• _Dataset extract_
════════════════

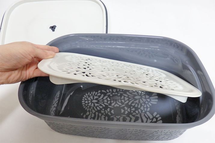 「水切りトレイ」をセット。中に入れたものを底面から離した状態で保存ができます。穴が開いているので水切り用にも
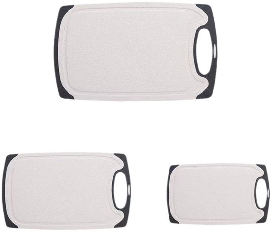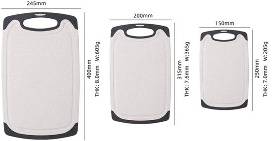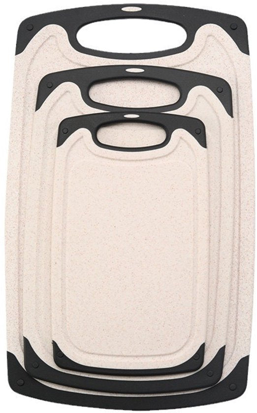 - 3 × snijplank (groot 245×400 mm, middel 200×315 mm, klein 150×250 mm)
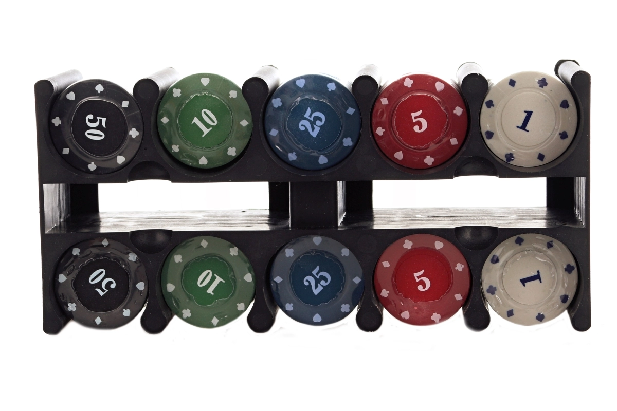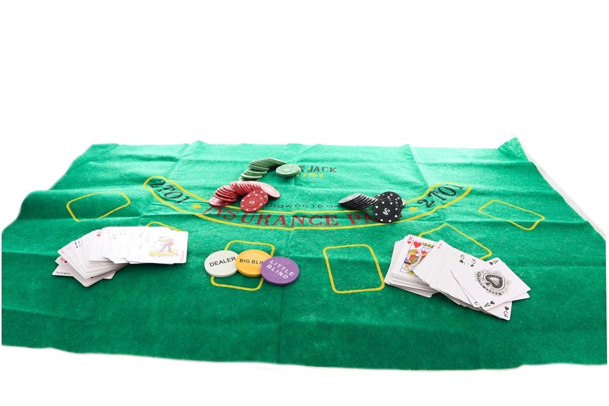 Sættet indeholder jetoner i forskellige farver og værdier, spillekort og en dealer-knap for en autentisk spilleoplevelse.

════════════════

• _Assignment_
Make an exact copy of the data, leaving its pictures out.

• _Expected output_
 「水切りトレイ」をセット。中に入れたものを底面から離した状態で保存ができます。穴が開いているので水切り用にも
 - 3 × snijplank (groot 245×400 mm, middel 200×315 mm, klein 150×250 mm)
 Sættet indeholder jetoner i forskellige farver og værdier, spillekort og en dealer-knap for en autentisk spilleoplevelse.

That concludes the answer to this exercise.